Uchardet
Fast character set encoding detection using International Components for Unicode library: International Components for Unicode
- https://rubygems.org/gems/uchardet
- https://github.com/dmgk/uchardet
- https://www.rubydoc.info/gems/uchardet/
Installation
Add this line to your application's Gemfile:
gem 'uchardet'
And then execute:
$ bundle
Or install it yourself as:
$ gem install uchardet
Usage
require 'open-uri'
require 'uchardet'
text = open('https://raw.githubusercontent.com/dmgk/uchardet/master/test/samples/shift_jis.txt').read
encoding = ICU::UCharsetDetector.detect(text)

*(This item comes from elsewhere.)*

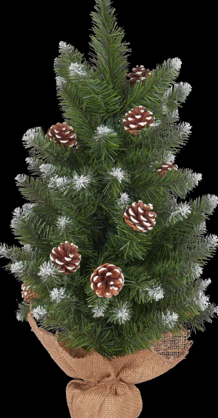Kaunis Luminen Pöytäkuusi, Jossa Koristeena Käpyjä. Kuusessa 72 Oksankärkeä. Korkeus 60 Cm, Halkaisija 35 Cm. Kuusenjalka Juuttisäkissä. Vain Sisäkäyttöön.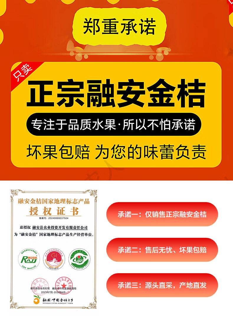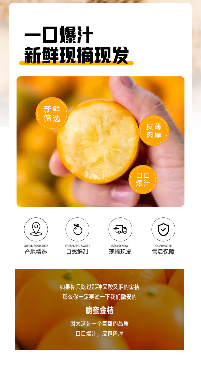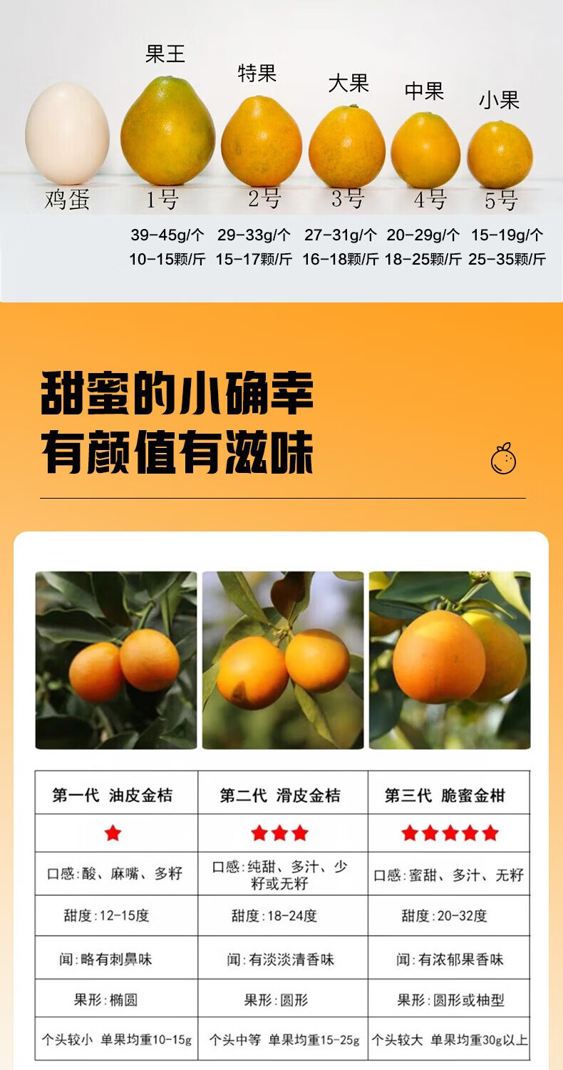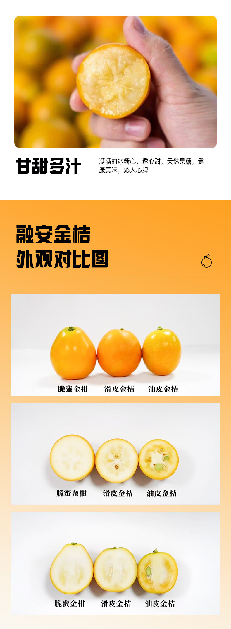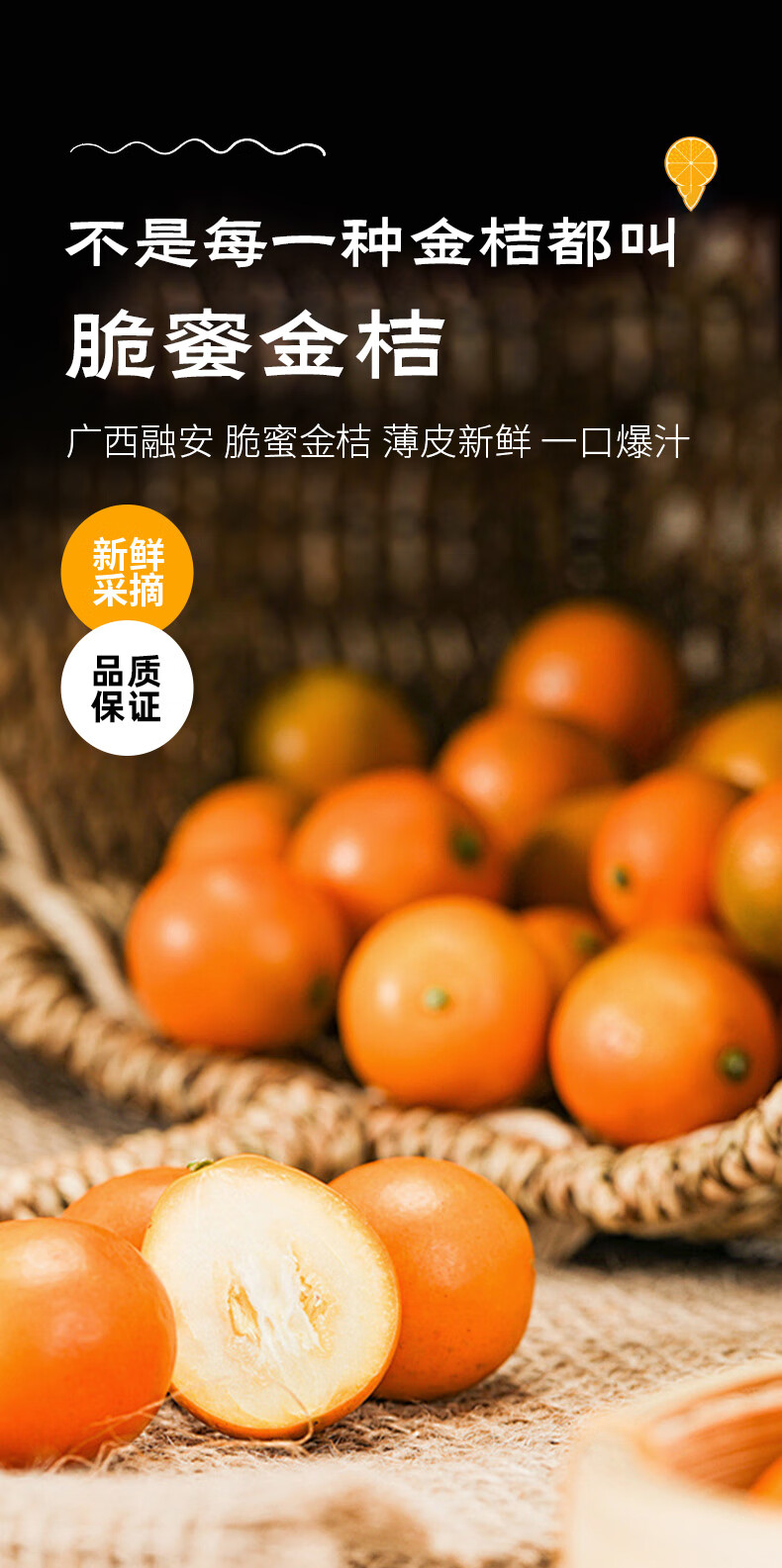 融安金桔旗舰店正宗广西脆蜜金桔第三代脆蜜金柑小金桔子新鲜水果礼盒装 伴手礼盒 滑皮净1.8斤 单果23g+【独立包装】无手提袋

encoding # => {:encoding=>"Shift_JIS", :confidence=>100, :language=>"ja"}
From command line:
$ uchardet
Usage: uchardet [options] file
-l, --list Display list of detectable character sets.
-s, --strip Strip HTML or XML markup before detection.
-e, --encoding Hint the charset detector about possible encoding.
-a, --all Show all matching encodings.
-h, --help Show this help message.
-v, --version Show version.
$ uchardet `which uchardet`
ISO-8859-1 (confidence 25%)
Contributing
Bug reports and pull requests are welcome on GitHub at https://github.com/dmgk/uchardet
License
The gem is available as open source under the terms of the MIT License.